Одушевленный вообще-то устойчивый парень, и надо постараться, чтобы пронять его фигурой или знаком. Но если от него шел дым, то там, на земле, нарисовано нечто экстраординарное. И смею предполагать — очень старое. Возможно, здесь поработал какой-то страж из прошлого, потому что я не припомню, чтобы за последние сто лет каликвецы нанимали Братство для подобной работы.
— Раз они нарисовали это, значит, им есть что прятать, — высказал Проповедник свою догадку.
— Ерунда, — не согласился я с ним. — Что можно спрятать от душ? А самое главное, для чего? Скорее всего, это защита от темных сущностей. Такие фигуры в мире встречаются — чаще всего в старых дворцах, замках и как раз монастырях. Если заводится какая-то дрянь, а поблизости нет человека с даром, всегда можно переждать в безопасной зоне.
— Тогда чего ты корячился и изучал самоубийцу, если у них уже есть способ спастись от темных душ?
— Я поражаюсь твоей осведомленности.
— Слышал, как монахи об этом говорили. Так что?
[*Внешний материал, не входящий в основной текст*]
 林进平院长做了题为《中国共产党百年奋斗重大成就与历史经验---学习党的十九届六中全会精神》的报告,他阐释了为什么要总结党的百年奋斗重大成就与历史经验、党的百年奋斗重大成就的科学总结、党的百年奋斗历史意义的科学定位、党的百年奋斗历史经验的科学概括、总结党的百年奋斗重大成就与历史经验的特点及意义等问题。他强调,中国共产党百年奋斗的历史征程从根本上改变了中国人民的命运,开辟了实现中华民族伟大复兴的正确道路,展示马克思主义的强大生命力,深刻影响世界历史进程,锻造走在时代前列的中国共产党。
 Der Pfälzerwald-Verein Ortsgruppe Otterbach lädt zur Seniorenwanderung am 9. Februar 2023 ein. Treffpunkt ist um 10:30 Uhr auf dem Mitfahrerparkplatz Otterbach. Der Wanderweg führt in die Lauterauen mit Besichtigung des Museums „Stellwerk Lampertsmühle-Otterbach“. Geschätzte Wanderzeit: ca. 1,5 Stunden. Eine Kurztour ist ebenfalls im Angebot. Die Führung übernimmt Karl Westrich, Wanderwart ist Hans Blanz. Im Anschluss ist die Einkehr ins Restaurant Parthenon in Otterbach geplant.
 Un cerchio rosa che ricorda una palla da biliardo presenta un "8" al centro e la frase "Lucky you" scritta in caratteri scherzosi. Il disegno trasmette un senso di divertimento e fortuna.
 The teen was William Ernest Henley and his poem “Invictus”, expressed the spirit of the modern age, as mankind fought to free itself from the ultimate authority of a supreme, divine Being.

Если уже есть фигуры, зачем ты себя утруждал?
— Во-первых, я их не видел, и мне о них никто не сказал. Во-вторых, если бы появилась темная душа, то она имела доступ в большую часть монастыря, где нет фигур, которые ты нашел. Согласись, проще решить проблему сразу, чем потом всю жизнь сидеть и прятаться.
— Ну да… — Он потер щеку. — А что сказал брат-управитель? Он видел Ганса?
— Нет.
— Хе-хе. И кто был прав? Стоило тащиться в такую даль, чтобы провидение показало тебе фигу?
— Стоило.
— И зачем?
— Пойдем на улицу. Узнаешь.
Он удивился, стал требовать рассказать немедленно, но я покинул комнату, а старый пеликан, не способный побороть свое любопытство, поспешил за мной.
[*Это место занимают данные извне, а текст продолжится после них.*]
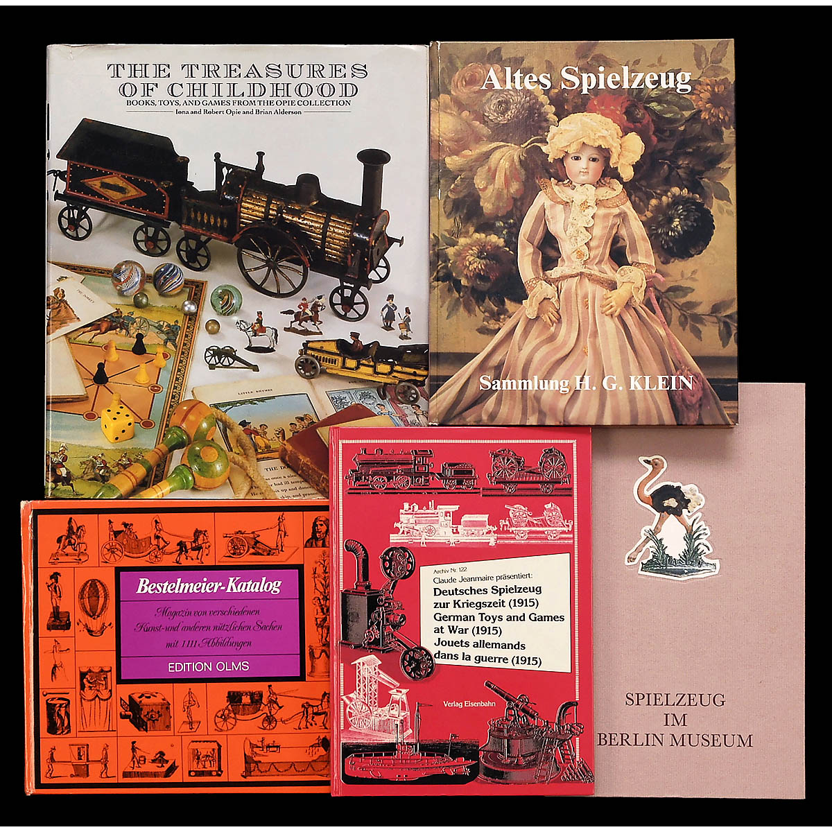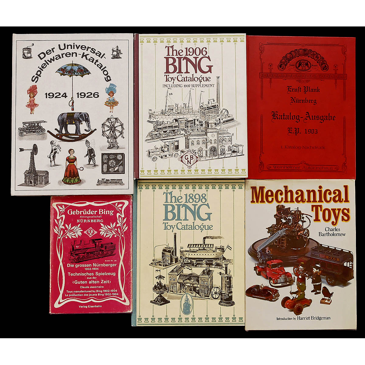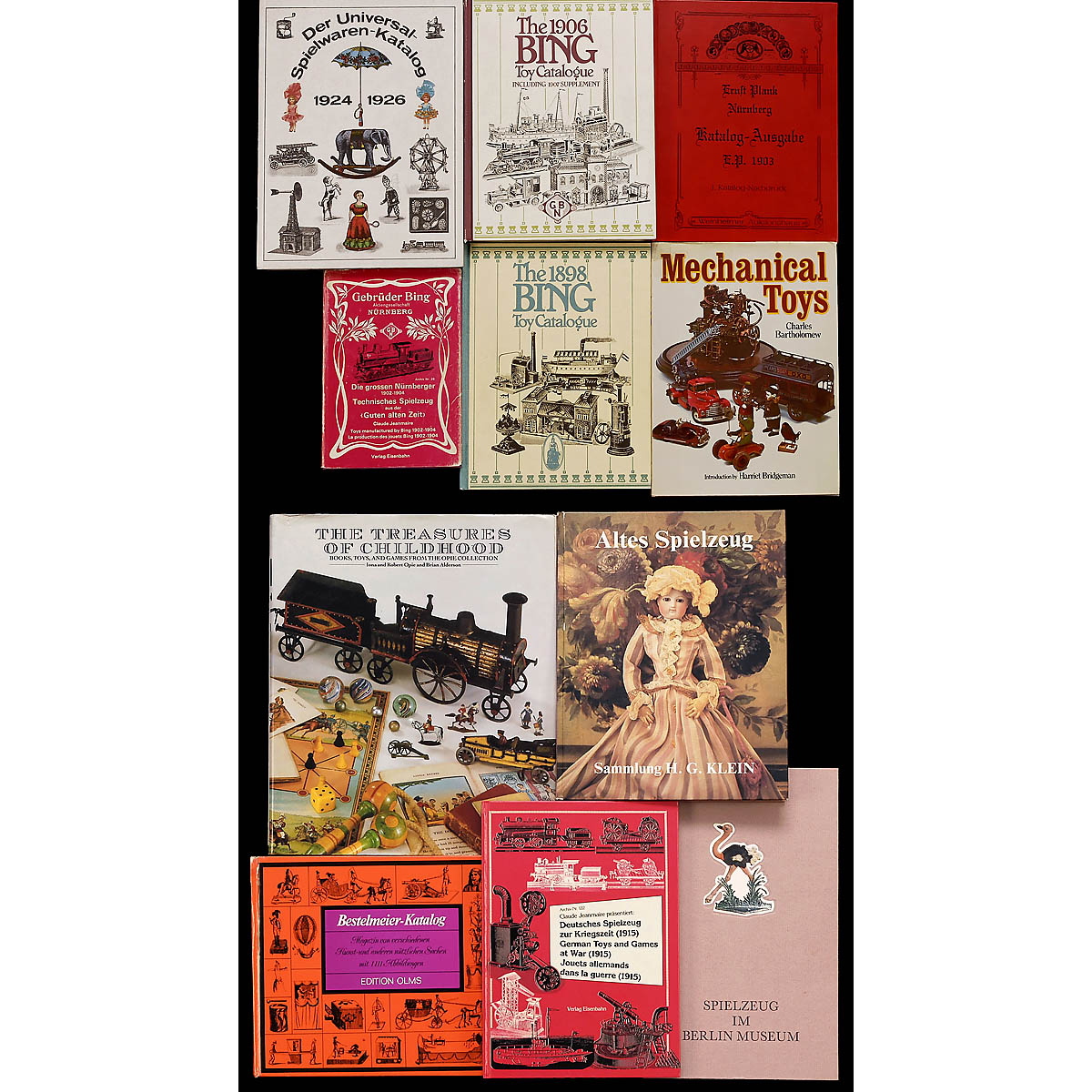 11 catalogs: Tin-toys, dolls, magic lanterns, optical toys and more: 1) The 1898 Bing Toy Catalogue, reprint. - 2) The 1906 Bing Toy Catalogue, reprint. - 3) Der Universal-Spielwaren-Katalog 1924-1926, reprint. - 4) Ernst Plank, Katalog-Ausgabe 1903, reprint. - 5) Claude Jeanmaire, "Deutsches Spielzeug zur Kriegszeit (1915)". - 6) Gebrüder Bing, "Die grossen Nürnberger 1902-1904". - 7) Charles Bartholomew, "Mechanical Toys". - 8) Sammlung H.G. Klein, "Altes Spielzeug". - 9) Bestelmeier-Katalog. - 10) Iona and Robert Opie, "The Treasures of Childhood". - And: 11) "Spielzeug im Berliner Museum".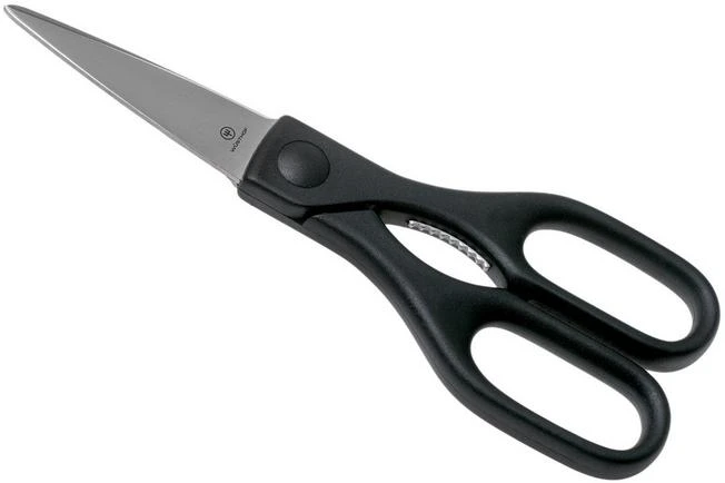 This pair of Wüsthof Grand Prix kitchen scissors is an indispensable and practical addition to each kitchen. Kitchen scissors are often more solid than standard household scissors. As such you can easily cut through solid packaging. This pair is also great when cutting through fish bones, herbs, flowers, rhubarb, foil, parchment paper, binding wire and much more.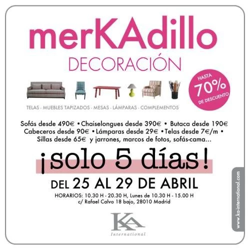 Traemos buenas noticias para los amantes de la decoración o para aquellos que les gusta tener la casa bonita y por poco dinero, Ka Internacional monta mercadillo en Madrid. Empieza mañana mismo y estará vigente hasta el día 29 de abril.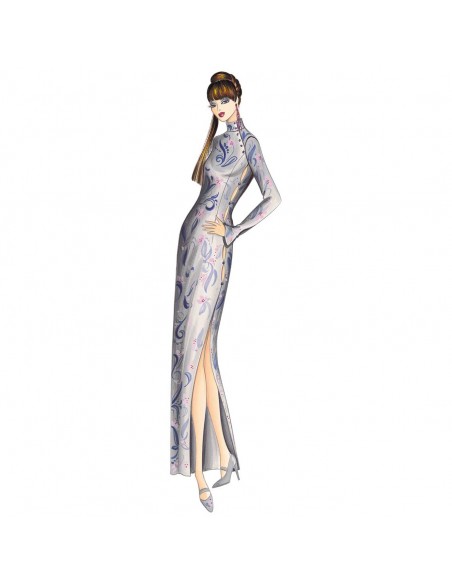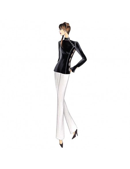 This straight form-fitting Peking-style dress is long and elegant. It has a slit opening along one side which his sealed by buttons and has a deep slit.The stand-up collar is closed on the diagonal and the flared cuffs have slits. Can also be made as a short, sleeveless dress or as a blouse. Suggested fabric: satin or jacquard print, damask, rayon jersey, cady.

— И к чему эти тайны? — спросил он, когда я остановился у часовни, на краю обрыва.
— Я не доверяю стенам. У них могут быть длинные уши.
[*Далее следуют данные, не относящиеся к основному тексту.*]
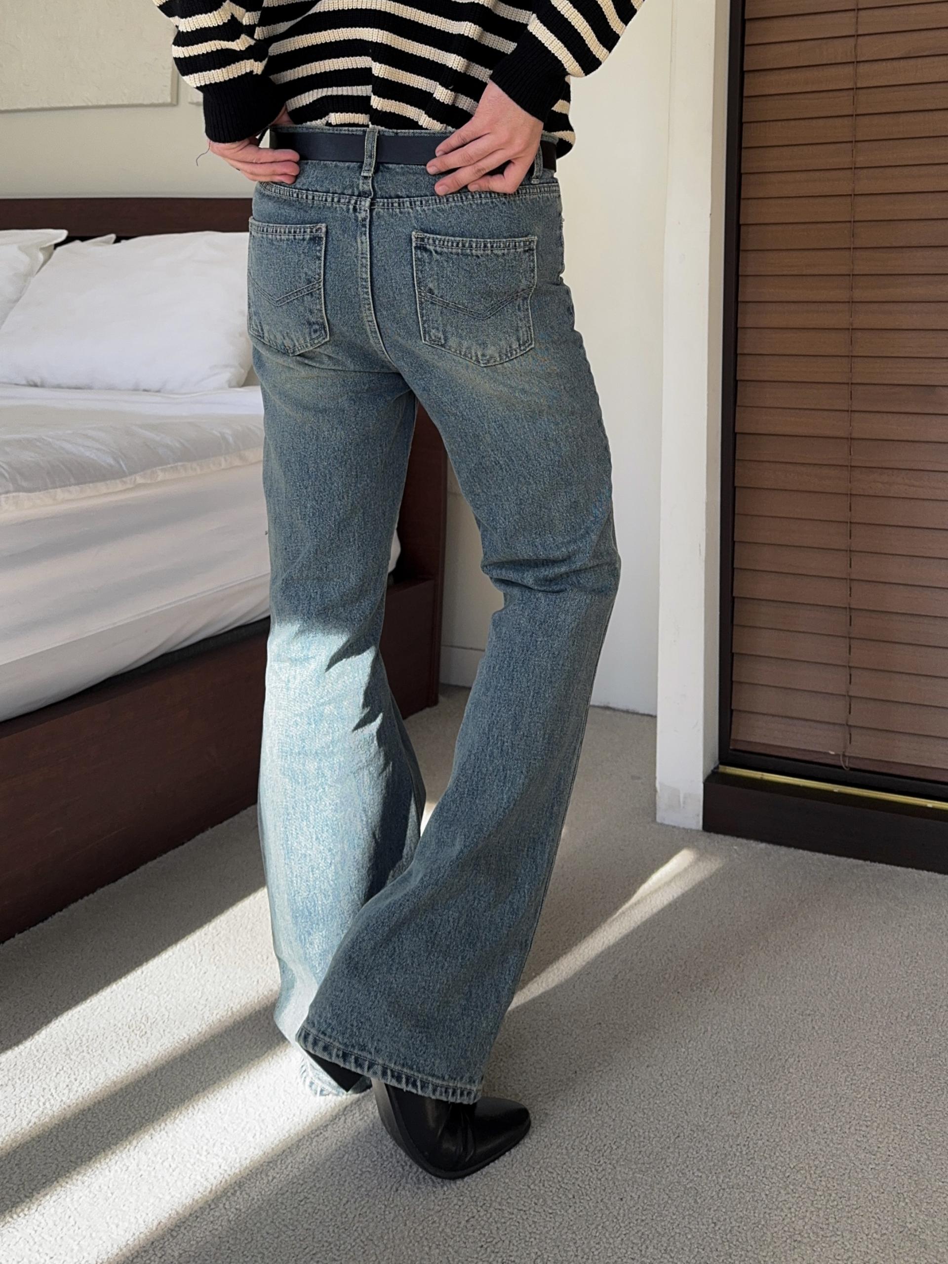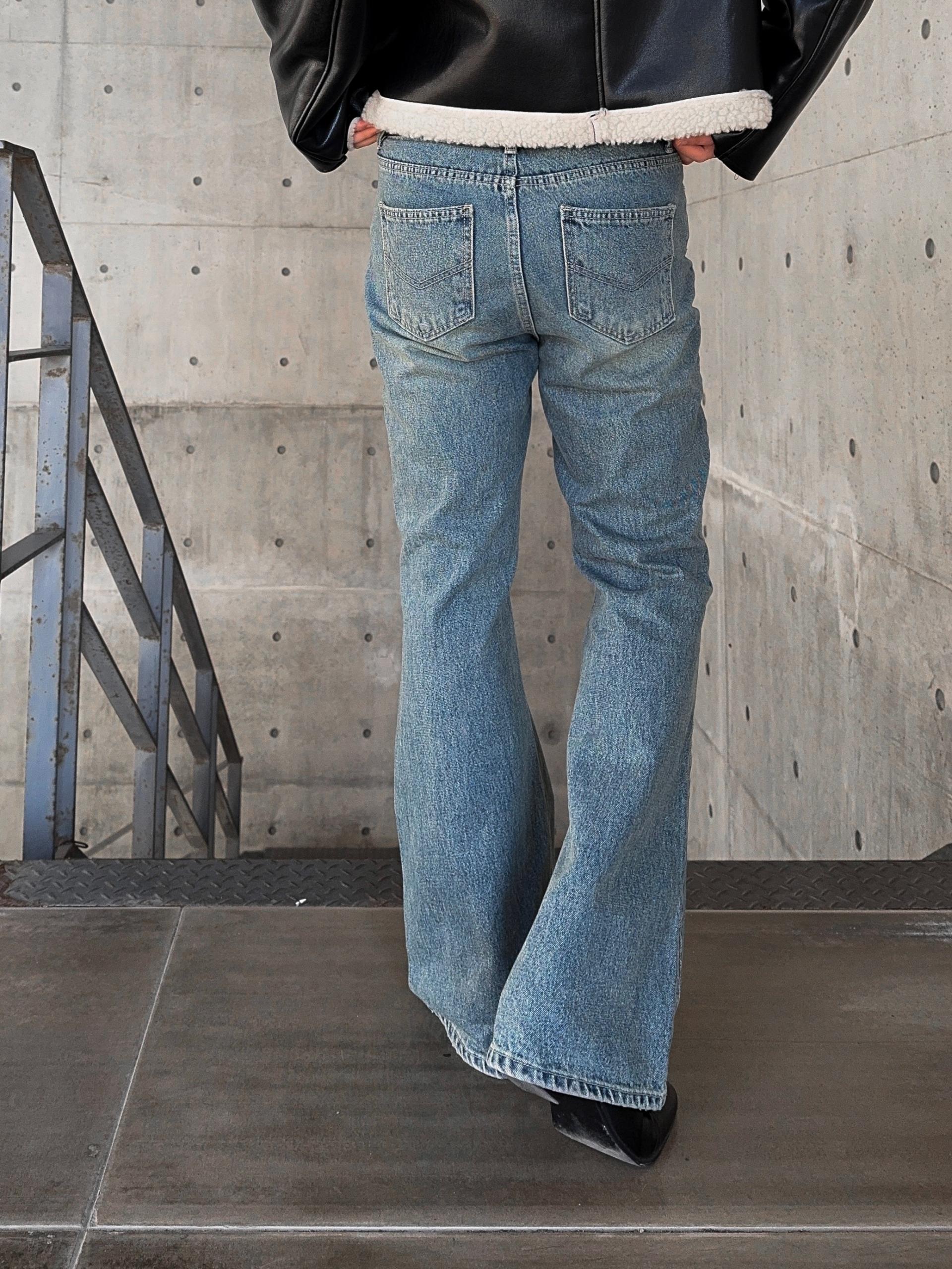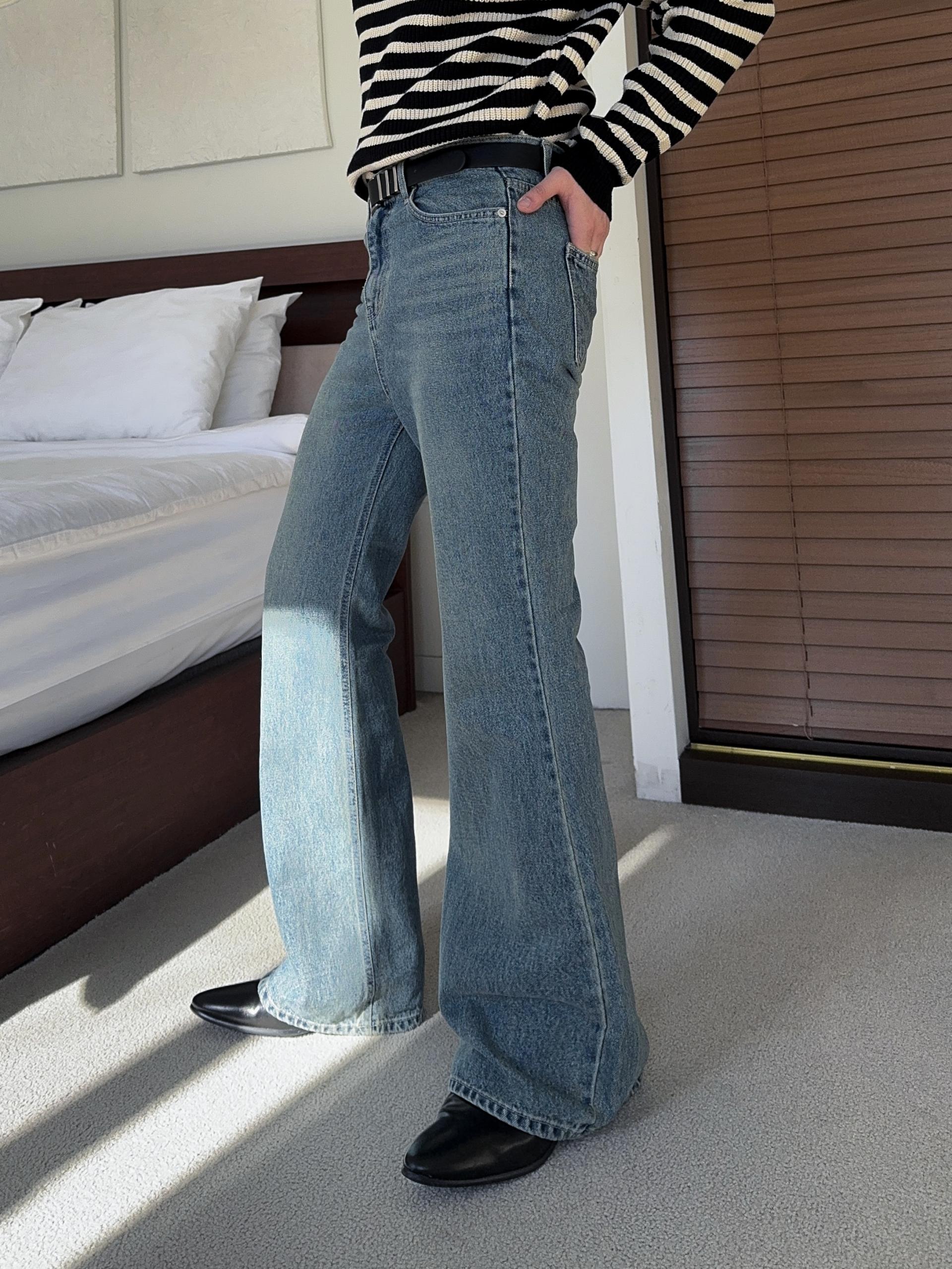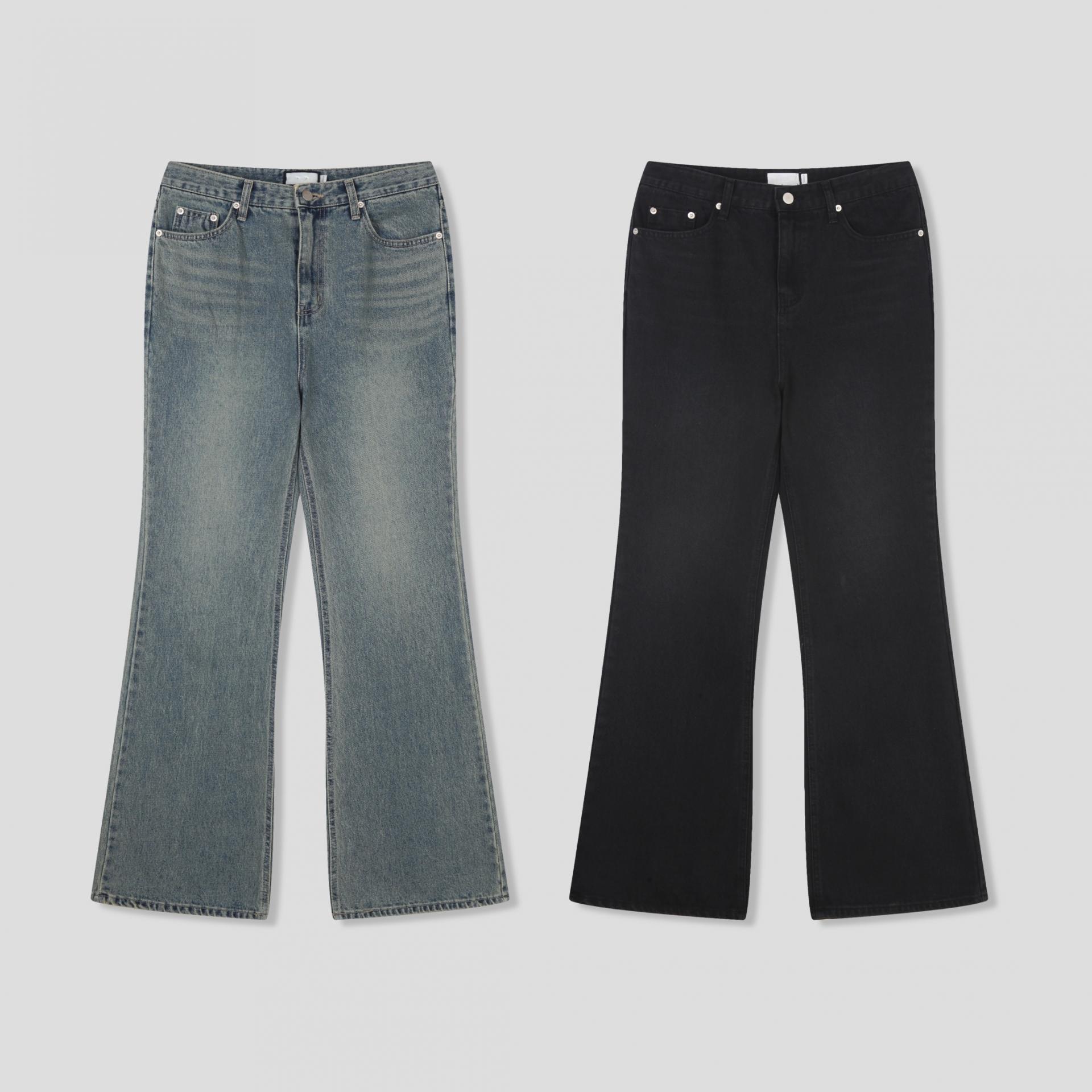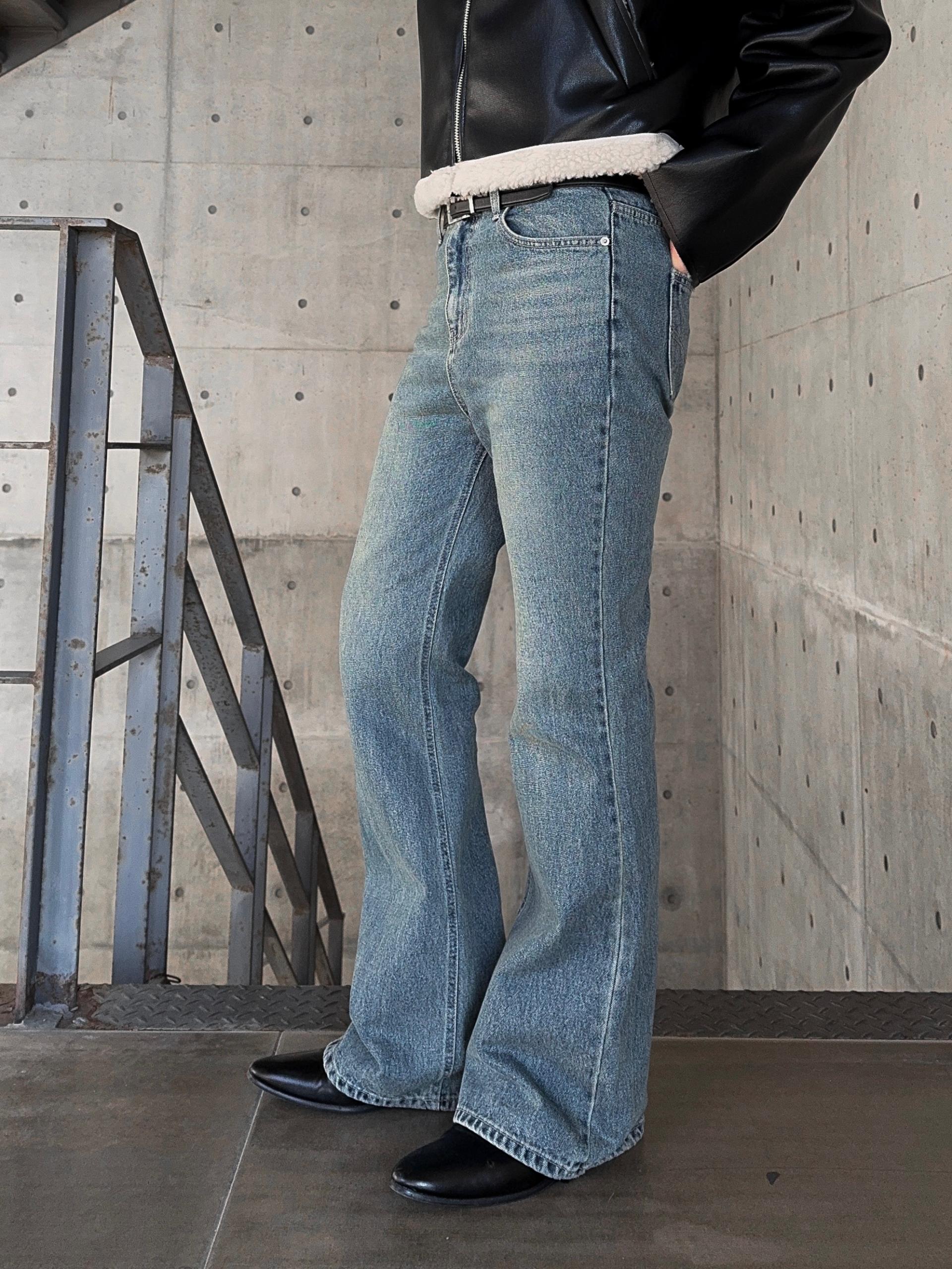 -탄탄한 데님 원단으로 제작된 플레어 팬츠

Проповедник хмыкнул, несколько нервно потянул себя за воротничок рясы:
— На кой черт им подслушивать?
— Погибший монах — брат Инчик.
— Упокой, Господи, его душу, — перекрестился старый пеликан. — Он выглядел испуганным, но не очень-то походил на самоубийцу.
Я кивнул:
— И он пытался мне что-то сказать, но пришли другие монахи. И, возможно, слышали его слова.
— Людвиг, ты меня пугаешь! — всплеснул руками Проповедник. — Ты действительно считаешь, что за пару слов каликвецы убили сумасшедшего?
Я цокнул языком:
— Брат Инчик не был похож на сумасшедшего. Всего лишь на перепуганного человека. И его действительно убили.
Проповедник фыркнул:
— Тебе это его томимая печалью душа рассказала?!
— Все куда проще. Я осмотрел тело. Под его ногтями кожа и кровь, а костяшки на левой руке сбиты. Он пытался сопротивляться, и я уверен, что где-то в монастыре есть монах с расцарапанной рожей. К тому же у брата Инчика большая шишка на затылке. Мне кажется, что его ударили по голове, а потом уже задушили, обставив все как самоубийство.
Проповедник задумался:
— Может, ты и прав. А может, и нет. Не могу поверить, что кто-то из них взял грех на душу только потому, что этот несчастный сказал тебе пару слов.
— И для того, чтобы не сказал остальные.
Старый пеликан поежился:
— Этот самоубийца, — он упорно продолжал называть его так, не желая признать очевидное, — был рад, когда ты пришел сюда.
— Сложи два и два, дружище. Скажи мне, когда люди особенно рады появлению стража.
Мой собеседник скривился, понимая, что я смог его поймать, но все же ответил:
— Когда под боком есть темная душа. Но это чушь. Монахи бы сказали тебе, если бы такая сущность их донимала. — Он покосился на далекую церковь. — Впрочем, тут полно фигур, чужаков они кое-куда не пускают… у них могли быть причины скрывать от тебя правду. Слушай, Людвиг, я тебя умоляю — не суй в это свой нос. Ради Бога, ни о чем их не спрашивай, иначе здесь появится еще один самоубийца. Ночью упадешь вот с этого обрыва и свернешь шею.